One of the innovative features in classic Mac OS was its use of resource forks, allowing structured metadata to be attached to any file. When Mac OS X merged that with the more traditional Unix approach adopted by NeXTSTEP, those were nearly lost. Classic Mac apps were restructured from storing most of their components, including their executable code, in their resource fork, when Mac OS X flattened those into an app bundle consisting of a hierarchy of separate files in folders, without any resources.

For the first four years of Mac OS X resource forks were reluctantly tolerated, until the solution came in 10.4 with the introduction of extended attributes, including one to contain what had previously been stored in the resource fork, which became an extended attribute or xattr with the name com.apple.ResourceFork.

All files in HFS+ and APFS (and other file systems) contain a fairly standard set of metadata known as attributes, information about a file such as its name, datestamps and permissions. Xattrs are extensions to those that contain almost any other type of metadata, the first notable xattr coming in Mac OS X 10.5, named com.apple.quarantine. That contains quarantine information for apps and other files downloaded from the internet, in a format so ancient that the quarantine flag is stored not in binary but as text.

The quarantine xattr provides a good demonstration of some of the valuable properties of xattrs: it can be attached to any file (or folder) without changing its data, and isn’t included when calculating CDHashes for code signatures. It can thus be added safely without any danger of altering the app or its code, although it does change the way in which macOS handles the code, by triggering security checks used to verify it isn’t malicious. Once those have been run, the flag inside the quarantine xattr can be changed to indicate it has been checked successfully.

Far from being a passing phase, or dying out as some had expected, xattrs have flourished since those early days. This has happened largely unseen by the user: few change anything revealed in the Finder’s Get Info dialog, although they’re used to store some forms of visible metadata such as Finder tags, and the URL used to download items from the internet.

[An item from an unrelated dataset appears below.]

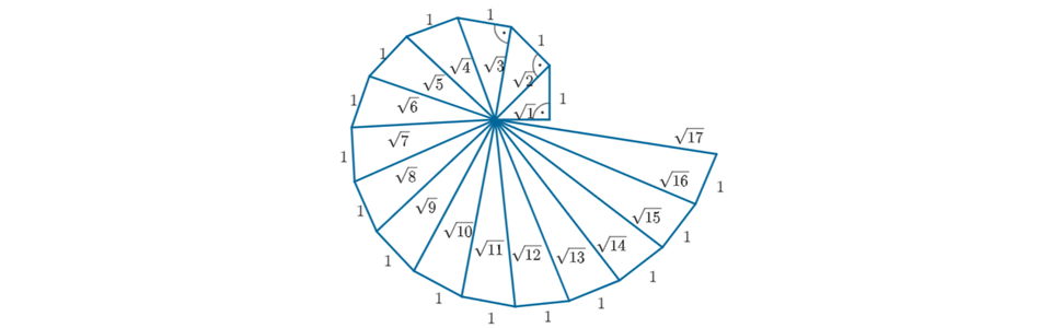 Rysunek przedstawia trójkąt prostokątny o przyprostokątnych 1 i pierwiastek kwadratowy z 1. Przeciwprostokątna takiego trójkąta na mocy twierdzenia Pitagorasa jest równa pierwiastek kwadratowy z 2. Przeciwprostokątna tego trójkąta prostokątnego jest przyprostokątną kolejnego trójkąta prostokątnego. Druga przyprostokątna nowego trójkąta jest równa 1. Przeciwprostokątna trójkąta prostokątnego o przyprostokątnych równych 1 i pierwiastek kwadratowy z 2 to pierwiastek kwadratowy z 3. Procedura to została powtórzona 17 razy. Powstająca w ten sposób figurę nazywa się ślimakiem Teodorusa. Rysunek przedstawia ślimak Teodorusa dla n = 17.

Editing xattrs is normally performed silently: you’re not made aware of changes in the quarantine xattr, and in most cases the only way to manage xattrs is to use the xattr command tool, or one of very few apps like xattred that can edit and manage them.

Examples

Among the well-known and important xattrs you can encounter are:

  • com.apple.quarantine the quarantine xattr, containing a quarantine flag
  • com.apple.rootless marks items individually protected by System Integrity Protection (SIP)
  • com.apple.provenance contains data about the origin of apps that have been quarantined
  • com.apple.metadata:kMDItemCopyright records copyright info
  • com.apple.metadata:kMDItemWhereFroms the origin of downloaded file as a URL
  • com.apple.metadata:_kMDItemUserTags Finder tags
  • com.apple.TextEncoding reveals text file encoding
  • com.apple.ResourceFork a classic Mac resource fork

Storage

In APFS and HFS+, xattrs aren’t stored with file data, nor with a file or folder’s normal attributes.

fileobjects

For smaller extended attributes up to 3,804 bytes, their data is stored with the xattr in the file system metadata. Larger extended attributes are stored as data streams, with separate records, but still separately from the file data. Apple doesn’t give a limit on the maximum size of xattrs, but they can certainly exceed 200 KB, and each file and folder can have an effectively unlimited number of them.

Persistence

Most file systems to which macOS can write either handle xattrs natively (HFS+, APFS), or macOS uses a scheme to preserve them, as in the hidden files written to FAT and ExFAT volumes. NFS is an important exception, and files copied to NFS will have all their xattrs stripped. Neither are extended attributes unique to Macs: most file systems used by Linux support them, and even Windows can at a push.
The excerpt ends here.